Спустя восемь лет после «Подмастерья» он снова обращается к теме поэзии и в двух коротких стихотворениях её уточняет – сообразно опыту, пришедшему из тех сфер, которые люди практические отнесут к разряду бреда или, в лучшем случае, игры – опыту вне прагматического знания. Это и не опыт чистой религиозной веры – скорее, опыт открытого и упорного сердца, отчасти опыт Серафима Саровского, а отчасти протопопа Аввакума. Оба – и святой, и страстотерпец – стали героями волошинской поэзии. В первую же очередь, героями его собственных устремлений. Они учили: «в каждом разбойнике чти распятого в безднах Бога». К этому времени Волошин стал Мастером. Стихотворения «Поэту» и «Доблесть поэта» содержат его собственный кодекс, его причины и страсть «в глухонемом веществе заострять запредельную зоркость».

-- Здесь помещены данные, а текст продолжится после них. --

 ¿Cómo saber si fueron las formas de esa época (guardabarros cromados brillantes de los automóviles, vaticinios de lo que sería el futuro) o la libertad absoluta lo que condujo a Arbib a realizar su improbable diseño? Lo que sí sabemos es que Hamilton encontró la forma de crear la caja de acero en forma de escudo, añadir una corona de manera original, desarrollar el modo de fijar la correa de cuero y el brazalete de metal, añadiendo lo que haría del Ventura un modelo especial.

Именно мистический опыт – то, что для многих его знакомцев считалось легкомысленной игрой, верчением столов и дамской тягой к потустороннему – привёл его к убедительной позиции, которую не всякий мог понять в силу естественных, хоть и дурных, человеческих привычек. Волошин декларировал, в первую очередь для себя самого и относительно себя самого: «В смутах усобиц и войн постигать целокупность. / Быть не частью, а всем; не с одной стороны, а с обеих».

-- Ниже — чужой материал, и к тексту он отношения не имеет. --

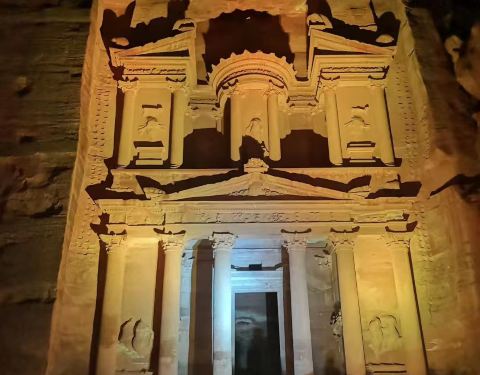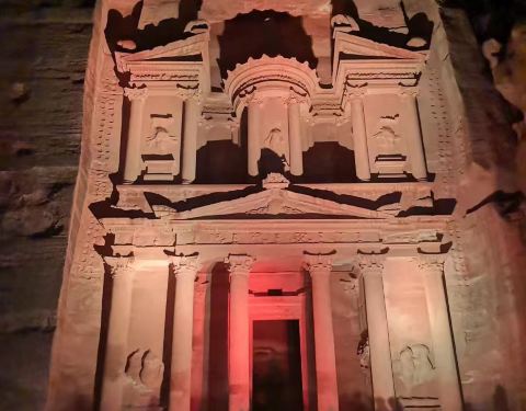 卡姿尼神殿是佩特拉古城的核心景点,晚上这里有深邃荣耀的激光秀可以换一种感觉看看带着神秘面纱的神殿卡姿尼神殿是佩特拉古城的核心景点,晚上这里有深邃荣耀的激光秀可以换一种感觉看看带着神秘面纱的神殿。有一种庄重感也有一种神秘的力量和气息。
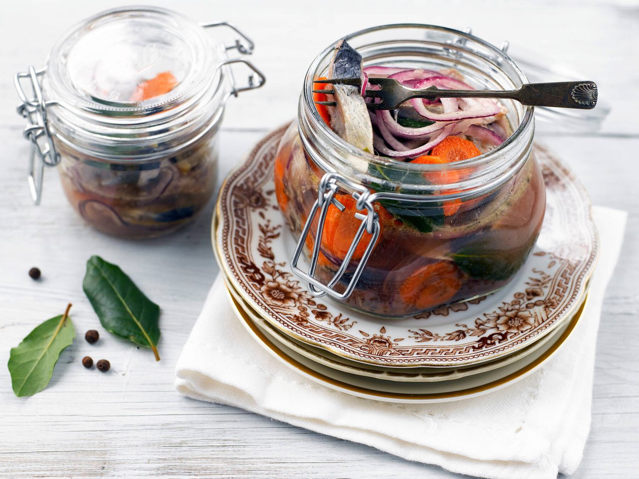 - Viipaloi porkkana ja sipuli. Lado lasitölkkiin kerroksittain mausteita, sillipaloja ja porkkana- sekä sipuliviipaleita. Kaada päälle liemi

Рассматривая историю не как учебник, а как драму сердца, себя – как участника, а не свидетеля, а поэзию – как возможность отыскать решение этой драмы, он чудовищным образом отличался от большинства, начавшего суматошно делиться, словно ужасающая амёба. И разделившегося вдруг окончательно на белых и красных – а в общем, как обычно и водится, на «наших» и «не наших». 

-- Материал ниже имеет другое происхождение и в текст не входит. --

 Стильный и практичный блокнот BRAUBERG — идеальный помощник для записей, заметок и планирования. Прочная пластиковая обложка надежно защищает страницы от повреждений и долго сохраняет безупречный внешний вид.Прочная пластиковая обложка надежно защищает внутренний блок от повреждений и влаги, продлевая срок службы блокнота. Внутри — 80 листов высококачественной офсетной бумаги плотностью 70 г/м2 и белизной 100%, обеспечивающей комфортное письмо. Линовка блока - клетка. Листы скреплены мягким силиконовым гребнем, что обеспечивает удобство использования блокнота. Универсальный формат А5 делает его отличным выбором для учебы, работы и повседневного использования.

Для Волошина все были «наши». Он категорически отказывался примкнуть к какому-либо большинству, настаивая на сверхъединичности всех и каждого. Категорически отказывался считаться гражданином «в дни революции» и отвергал государство, возникшего «из совокупности/ Избытков, скоростей, / Машин и жадности». И это было его приветствие всякому стремящемуся духу, утверждение стихий и отторжение всякой машинерии, которая и к тому времени уже крепко наложила лапу на человечество. Всё объявленное Максимилианом Волошиным сбылось. Можно было бы сказать: он смотрел вперёд, как какой-нибудь пророк смотрит в глубины. В глубины прошлого, где слагается наше будущее: великие и кровавые события, свидетелем которых стал Волошин, уже происходили когда-то. «Холодом вечности, ритмом знания смерти веет от его слов», – пишет о нём Алексей Толстой. «Знающий», – называет его Марина Цветаева.


***

Предупреждения, повторяемые от стародавних пророков к новым, но всегда остающиеся без внимания, – вот, пожалуй, какова природа волошинской поэзии, открывшейся в очередном витке исторической смуты. Волошина и создала эта самая смута. В мирные или хотя бы относительно спокойные времена его внутренний огонь казался нелепым, несоразмерным обыденному происходящему. «Ирония же получалась оттого, что замыслы и цели волошинской поэзии были колоссальны, а реализация замыслов и достижение целей возбуждали чувства известного несоответствия. Увы, не тот Божией милостью пророк, кто из благороднейших побуждений желал бы им быть, а кто действительно к этому призван», – пожимал плечами Александр Бенуа.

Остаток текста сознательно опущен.